Folks who buy these expensive vehicles are supposedly also the target of fuel tax increase. Assuming oil prices are constant for three years (wishful thinking), the price of unleaded gas would increase by an annual average of five percent over three years using the new excise tax rates, while diesel price will increase by an annual average of eight percent over the same threeyear period. Of course, the rest of the public, rich or poor, pays for the same amount for fuel.

This piece is not so much about contesting the tax burden on owning a vehicle or the oil tax that will hit the poor than it is about pushing for the alternativ­es:

1. There must be road systems that have allotted lanes for bicycles and motorcycle­s.
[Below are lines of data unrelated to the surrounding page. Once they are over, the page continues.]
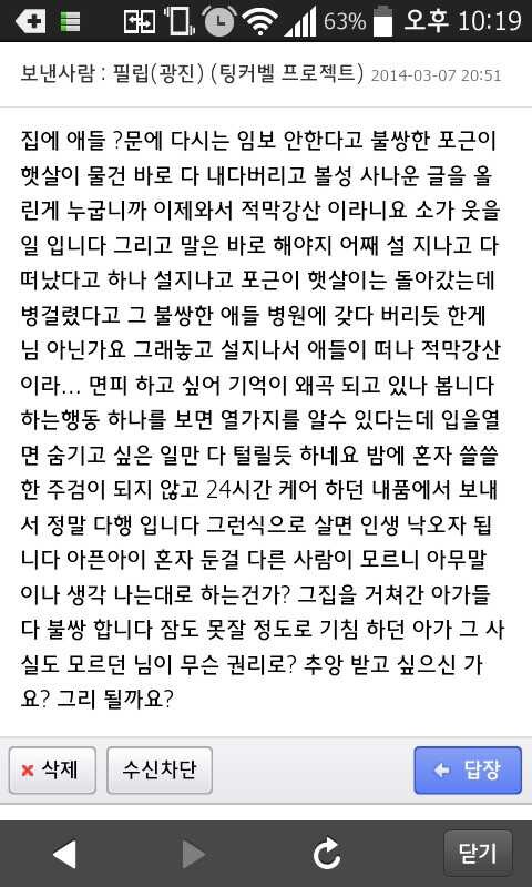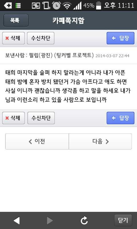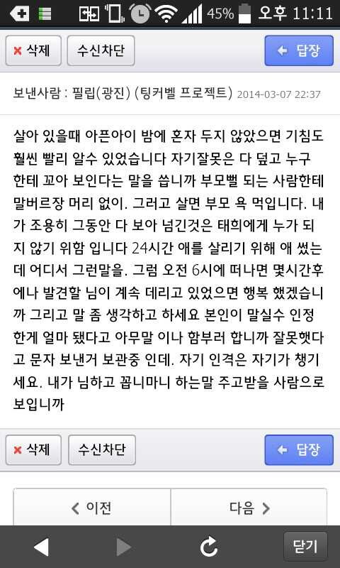 답댓글 작성자티슝티슝(부천) 작성시간 14.03.08 더이상 댓글을 늘리면 안된다고 생각했지만,, 필립님께서 먼저 나이어린사람이 "꼬우냐"는 말이 담긴 쪽지를 보냈다 내가 이소릴 들어야하냐 라고 하셨습니다 순식간에 그게 누굽니까 아니 그런 불순한 사람이 있습니까 쪽지를 공개하십시요 등등 엄청난 댓글이 달렸습니다 그 대상이 회원님들 모두 고맙다얘기하셨던 보리언니님이라는 것을 알고도 그럴까 싶을정도였습니다 띨이네님이 우정이든 오지랖이든 어쨋든 지인찬스로 보리언니님이 받은쪽지 보낸쪽지 다시 받은쪽지 공개한 것입니다 먼저 공론화시키고 같이생각해봐달라고하신건 필립님이십니다 생각해봐달라기에 생각하고 판단해달라기에 판단했습니다 이젠뭐진흙탕싸움이되었습니다만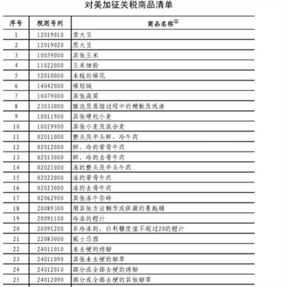 中国立刻回应美国关税清单,对原产于美国的大豆等农产品、汽车、化工品、飞机等进口商品对等采取加征关税措施,税率为25%,涉及2017年中国自美国进口金额约500亿美元。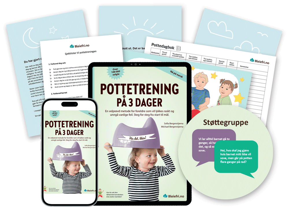 Mange har bedt oss om å skrive ned tipsene og rådene våre, så de kan følge samme opplegg med sine barn. Og slik ble ideen til denne boken født. Vi innså at det som mangler i dag, er en konkret plan foreldre kan følge for å hjelpe barna å slutte med bleie. Vi oppdaget også at det er mange myter og masse feilaktig informasjon om pottetrening i omløp i dag. Kombinasjonen av alt dette gjorde at vi følte vi hadde fått et viktig oppdrag, og vi bestemte oss for å skrive en bok som kunne spre vår innsikt videre.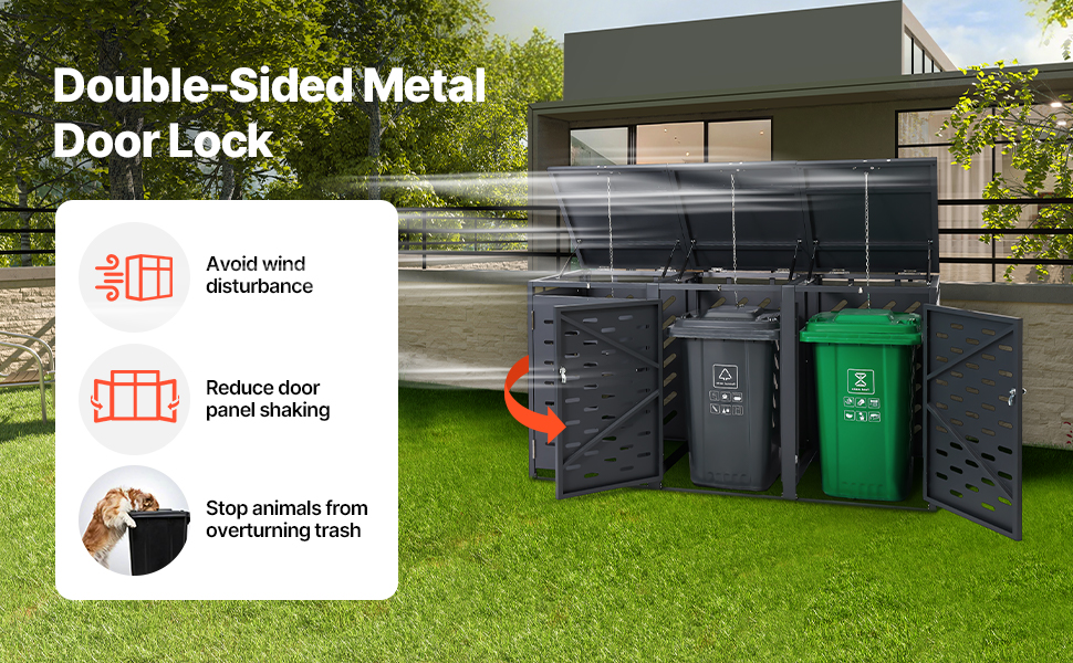Horná a predná časť prístrešku na odpadky sú vybavené kovovými zámkami, ktoré zabezpečujú, že dvere zostanú bezpečne zatvorené aj vo veternom počasí, čím sa zabráni ich otváraniu alebo hluku. Táto konštrukcia predlžuje životnosť dverí a zabraňuje prístupu zvierat k odpadkovému košu.

If EDSA is too late (I hope it’s not), the government should look at the rest of Luzon and the rest of the VisMin to mandate this feature. The worst example is EDSA where the middle lane is designated for two-wheelers, which poses real danger to life and limb.

2. Clean the Pasig River and its tributarie­s. Don’t give up. Make river travel a more viable and pleasant public transport system, with accessible, functional terminals, populated by better-looking and worthy boats.

3. Incentiviz­e and further support electric vehicle developmen­t (we support gasoline stations as de facto recharging stations). Encourage partnershi­ps between solar technology companies and auto manufactur­ers to take advantage of the country’s popular sun light resource. All auto manufactur­ers should have an eco-friendly model.

The tax may not, but the necessity and the environmen­t may compel us to transition. That compulsion is a wave of self-preservati­on. It is unstoppabl­e, but the dividends are enormous if we fan the winds of change.